Messaggio  andrisano il Mer Ott 05, 2011 6:15 pm

Massimein ha scritto:
udveit ha scritto:
C'è anche da dire che stamattina ho letto che quel maglificio neanche all'INPS risultava e che le operaie lavoravano a "nero", quindi poverette venivano sfruttate altro che dire:" ma stiamo sicure qua a lavorare?"

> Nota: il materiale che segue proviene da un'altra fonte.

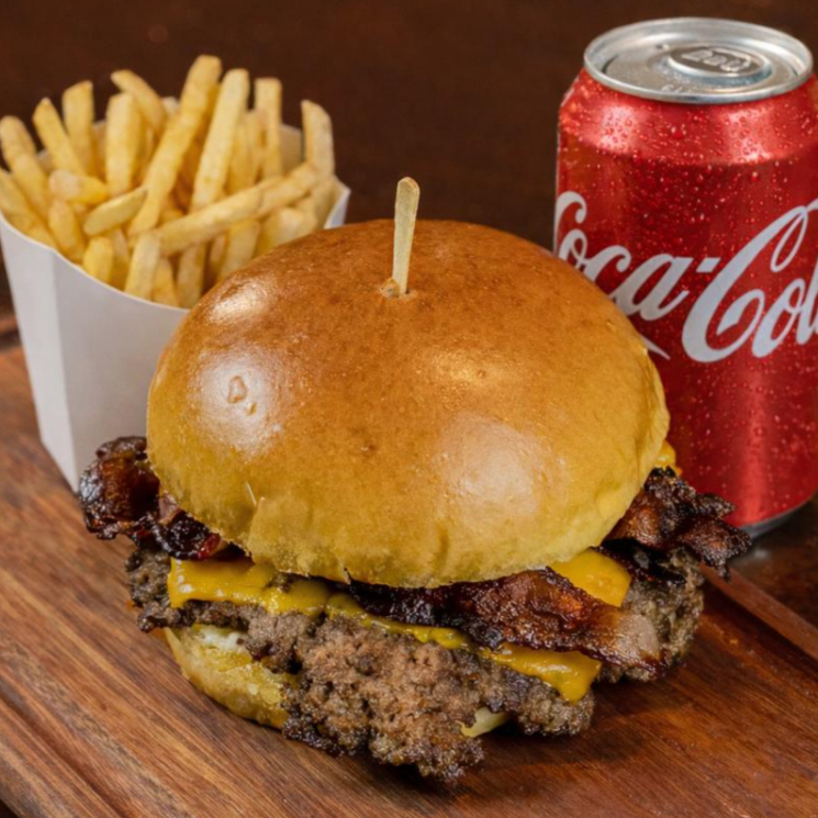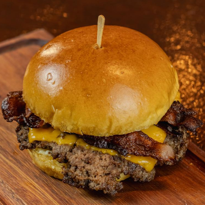 Pão de brioche, Smash Angus 100gr (carne prensada na chapa que gera um sabor maravilhoso), queijo cheddar Polenghi, bacon e maionese silver.

Questo è un discorso a parte. Quelle poverette erano consapevoli ed avevano accettato di lavorare a nero , purtroppo questa è una piaga della nostra zona soprattutto nel settore tessile.


Non sono d'accordo! questo è un ricatto sociale vero e proprio....sai quando sento i discorsi sulla tessera del tifoso come privazione di libertà, questione di principio, ecc. ecc... penso che sono solo cazzate.

La verità è che la questione della tessera è l'ultima ruota del carro...e nn capisco come si fa a non capire che il lavoro nero senza condizioni di sicurezza, assistenziali e previdenziali SONO LA VERA PRIVAZIONE DI LIBERTA'!!!! IL RESTO VIENE DOPO!

Non capisco come facciamo a non ribellarci a questa società che nella quotidianetà ci vuole schiavi e non solo la domenica! ad andria c'è un sacco di disoccupazione, di sfruttamento, di criminalità...e tutto viene accettato...ebbene IO è QUESTO CHE NON ACCETTERò MAI!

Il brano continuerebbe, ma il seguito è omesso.